東京, 8月21日, /AJMEDIA/

 防衛省が、米航空宇宙企業スペースX社が提供する人工衛星網による高速インターネット通信「スターリンク」の導入を検討していることが分かった。関係者が20日、明らかにした。長期航海に当たる海上自衛隊艦艇に端末を搭載し、通信能力を強化。乗組員が地上の家族らとの連絡を取りやすくしてストレスを軽減し、なり手不足問題の解決につなげる狙いだ。

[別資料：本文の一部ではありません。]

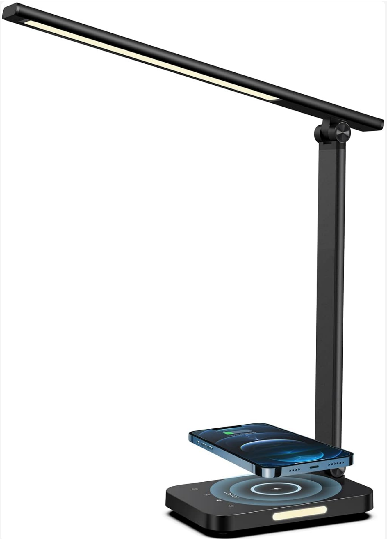
Figure 1: LASTAR LED Desk Lamp with integrated wireless charging pad and USB port.
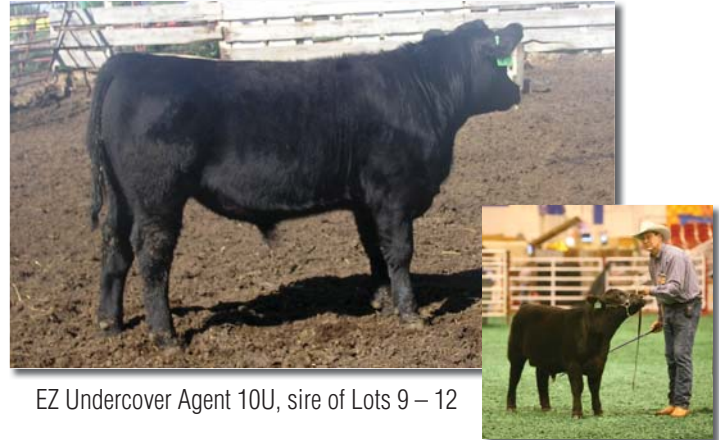
EZ Undercover Agent 10U, sire of Lots 9 – 12

This long fronted, long bodied female is another Undercover Agent daughter whose dam traces to the productive Bar J Tawney cow family. She is bred to Lazy G Rudys Red Comet FM 15253, a red fullblood bull, since 1/31/15.
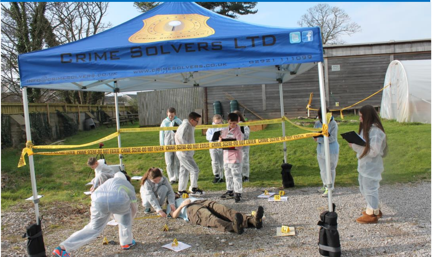
Measuring up and bagging the evidence
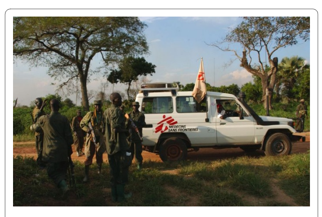
Figure 3 An MSF car in conflict-affected northern Uganda.

HIV prevalence data for 2005. Most countries were in Central and West Africa where prevalence is low to medium (1-10%) compared with higher rates in more stable southern Africa (10-50%) [18]. However, these rates usually reflect the situation in urban and stable areas where testing has been performed. In many of the areas where our HIV programmes were introduced there had been no prior HIV testing. ART coverage rates varied from 1% in Sudan to 51% in Uganda [see Additional file 1, Table S1] [19], but considerable in-country variation exists with rates as low as 2-122 per 1000 of eligible individuals receiving ART in conflict-affected regions of northern Uganda [4].
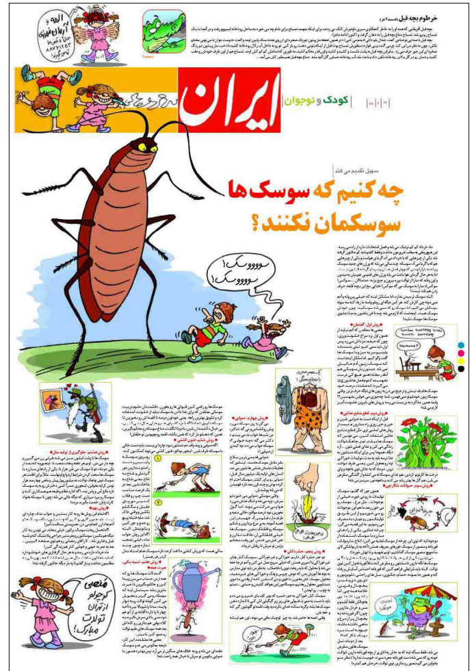
Cockroach cartoon in Iran, May 12, 2006.

In addition, university students conducted a letter-writing campaign to the offices of Iran's president, the Majles, the Friday sermon leaders, and the governors of East Azerbaijan, Zanjan, and Ardabil provinces. The letters condemned the survey and called for the right to use and study the Azerbaijani language at Tabriz University. 70
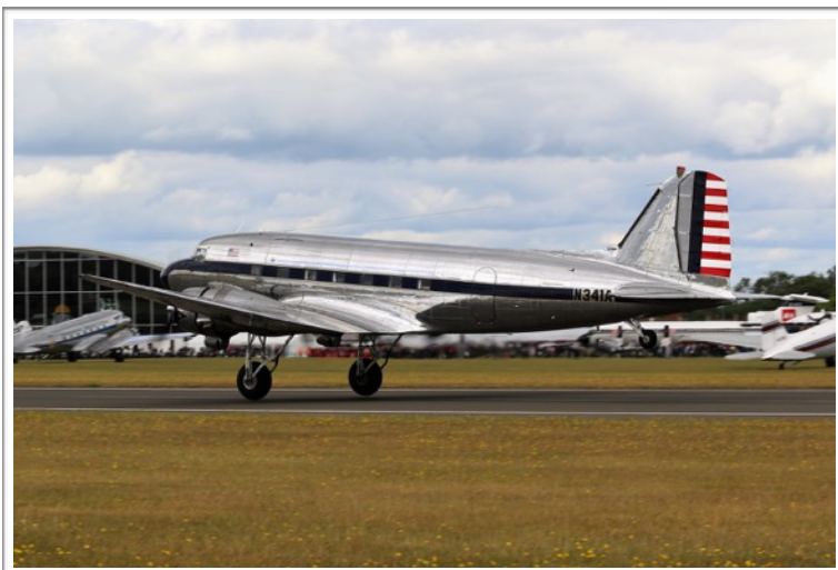
N341A Douglas C41A on 5 June 2019 Duxford
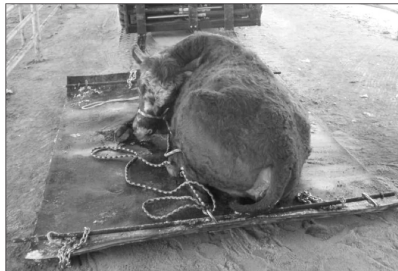
Move a downed cow by rolling the animal onto the rubber sling.
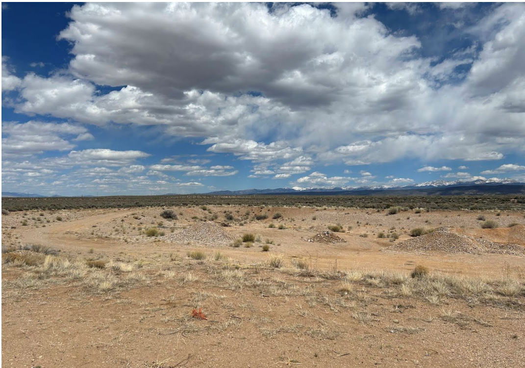
Photo 2: View of gravel pit containing stockpiles of material, facing east.
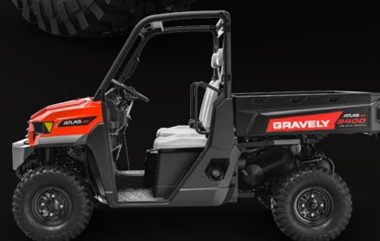
ATLAS JSV 3400

 2023年度予算概算要求に、関連経費を計上。早期の運用開始を目指す。
 スターリンクは、高度2000キロメートル以下の低軌道を周回する多数の衛星を網のように張り巡らせる「衛星コンステレーション」によって、高速・大容量の通信を実現。ロシアの侵攻を受けたウクライナでは通信網が攻撃されたが、スペースXがスターリンクを提供して通信環境を維持したことが話題になった。
 一部の海自艦艇では現在、限られた区画で無線LANが提供され、乗組員は私用のスマートフォンなどでメールの送受信ができる。ただ、通信速度は遅く、送受信は文字のみ。時間も限定され、若い隊員を中心に不満が根強くある。21年11月に岸信夫防衛相(当時)が乗組員の家族と車座対話に臨んだ際には、通信環境の改善を求める意見が出ていた。
 スターリンクを導入すれば、文字だけではなく画像や動画の送受信ができるようになる可能性がある。
 少子高齢化によって、自衛隊の人材確保は喫緊の課題。長期の洋上勤務が必要な海自乗組員については確保が一層難しくなっている。防衛省は「いくら装備があっても隊員が集まらないと意味がない」(幹部)と危機感を募らせ、さらなる対策を検討している。